Назавтра — то была пятница — Мария почувствовала безотчетную радость оттого, что после грозы погода испортилась, и весь день провела в халате, предаваясь чтению, музыке и безделью, пытаясь вспомнить каждое слово своего письма и представить себе, как его читает юный Курреж. В субботу после гнетуще-тяжелого утра снова пошел дождь, и теперь Мария поняла, чему она так радуется: плохая погода давала ей основание не выходить в воскресенье из дома, как она намеревалась раньше: в случае, если Раймон все-таки придет на свидание, несмотря на письмо, она будет на месте. Чуть отойдя от окна, сквозь которое она наблюдала, как разлетаются брызгами на дорожке капли дождя, Мария произнесла громким и твердым голосом, словно давала торжественный обет: «Какая бы ни была погода, я уйду».

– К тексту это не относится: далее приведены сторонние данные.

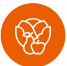
ФРУКТЫ И ОВОЩИ
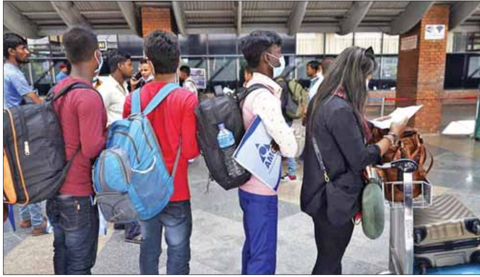
နိုင်ငံရပ်ခြားသို့ အလုပ်ထွက်လုပ်မည့် နီပေါရွှေ့ပြောင်းလုပ်သားများကို ခတ္တမန္တူလေဆိပ်၌ တွေ့ရစဉ်။
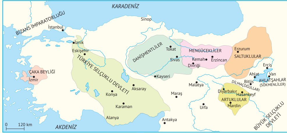
Türkiye Selçuklu Devleti ve Anadolu Beylikleri

Böylece Anadolu'da kurulan ilk Türk beylikleri ve Türkiye Selçukluları ile Anadolu'da Türk hakimiyeti kalıcı hale gelmiştir.
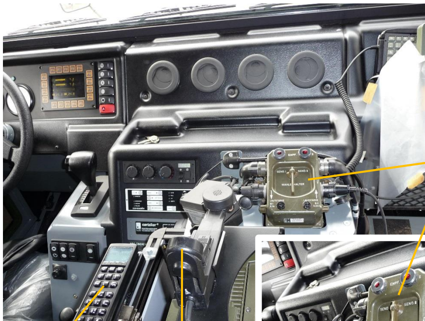
Schaltkasten für Funkgeräte
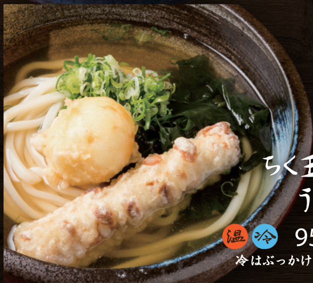
ちく玉天 うどん 温冷 950円 冷はぶっかけで提供
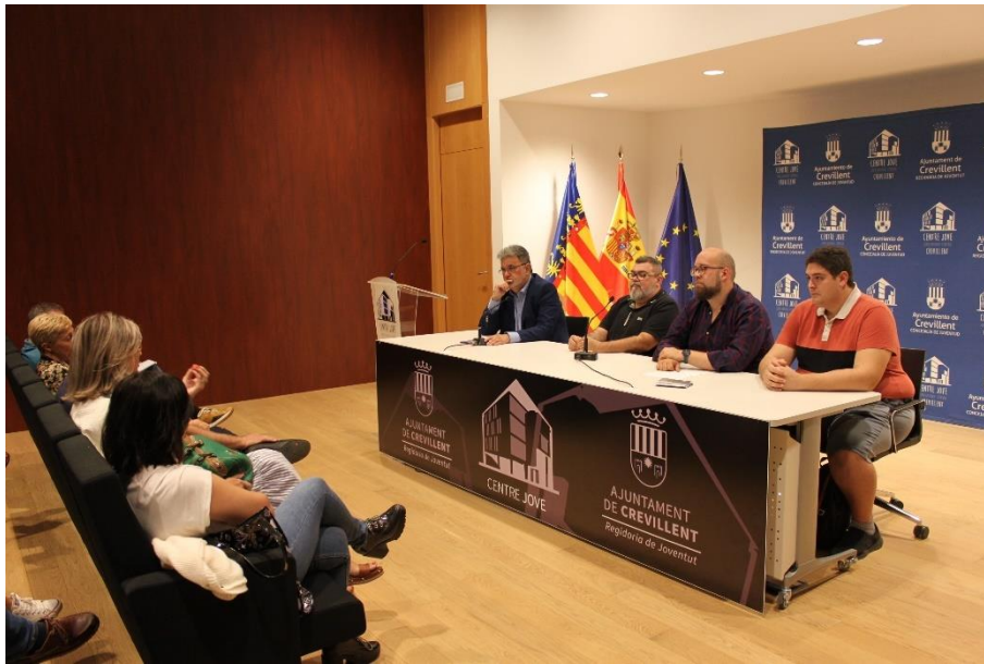
Fotografía 6. Mesa de comercio.

Fue momento de debate entre los asistentes y los participantes el estado actual del Mercado de Abastos de Crevillent, momento en que el concejal intervino para que los presentes imaginaran el mercado de abastos con un cambio de concepto como tienen otros municipios; con zonas de restauración, diferentes horarios, con un edificio más atractivo, definitivamente en el que los ciudadanos del municipio lo entiendan, no solo como un lugar de venta de producto, sino también como un lugar de ocio.
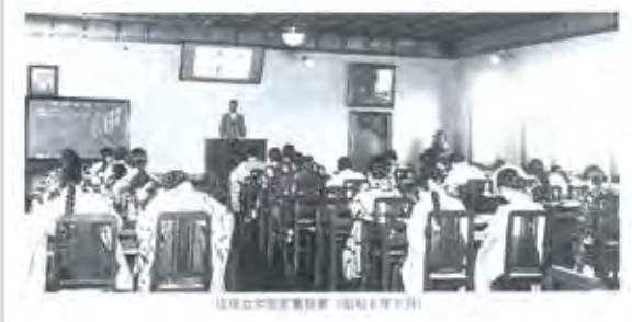
1931年佐保女学院授業風景(写真1)

1965年(昭和40年)に現在の鹿野園町に移り「教養識見ある女性を養成し、社会に貢献できる人材を育成すること」を建学の精神に掲げ、「佐保女学院短期大学」として「家政科(被服専攻、食物専攻)」からスタートし、1967年(昭和42年)には「食物栄養専攻(栄養士養成課程)」が開設され、1968年(昭和44年)に「奈良佐保女学院短期大学」の名称に変わりました。(写真2)
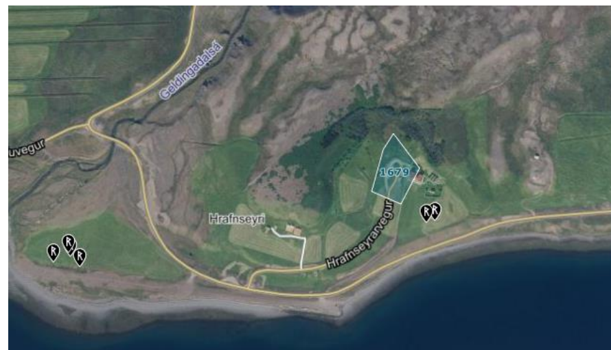
Mynd 2.2 Friðlýstar fornminjar á Hrafnseyri, merkt R. Svæði þar sem fornleifaskráning hefur verið unnið er skyggt. 3

og jökulminjar. Hrafnseyri er fjölsóttur ferðamannastaður með söguminjum.” 2
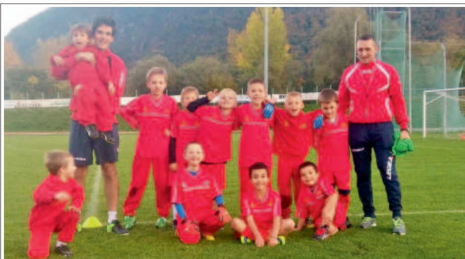
> La squadra Primi Calci
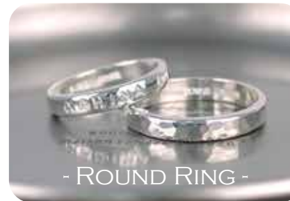
- ROUND RING -
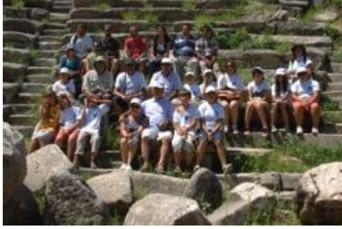
Resim 9: Stratonikeia antik kenti gezisi

Куда она пойдет? Будь жив Франсуа, она повела бы его в цирк. Иногда она выезжала в концерт и одна занимала целую ложу, охотнее всего — ложу бенуара, но публика быстро ее узнавала: по движению губ Мария угадывала свое имя, наведенными на нее биноклями враждебная толпа словно ощупывала ее, лишенную возможности защищаться. Чей-нибудь голос произносил: «Ничего не скажешь, одеваться эти дамочки умеют», — «Имея деньги, это не так уж трудно. И, кроме того, у них ведь только и есть забот, что о своем теле». Случалось, кто-нибудь из друзей Ларусселя покидал клубную ложу и приходил с ней поздороваться: стоя вполоборота к залу, он громко смеялся, гордясь тем, что на людях разговаривает с Марией Кросс.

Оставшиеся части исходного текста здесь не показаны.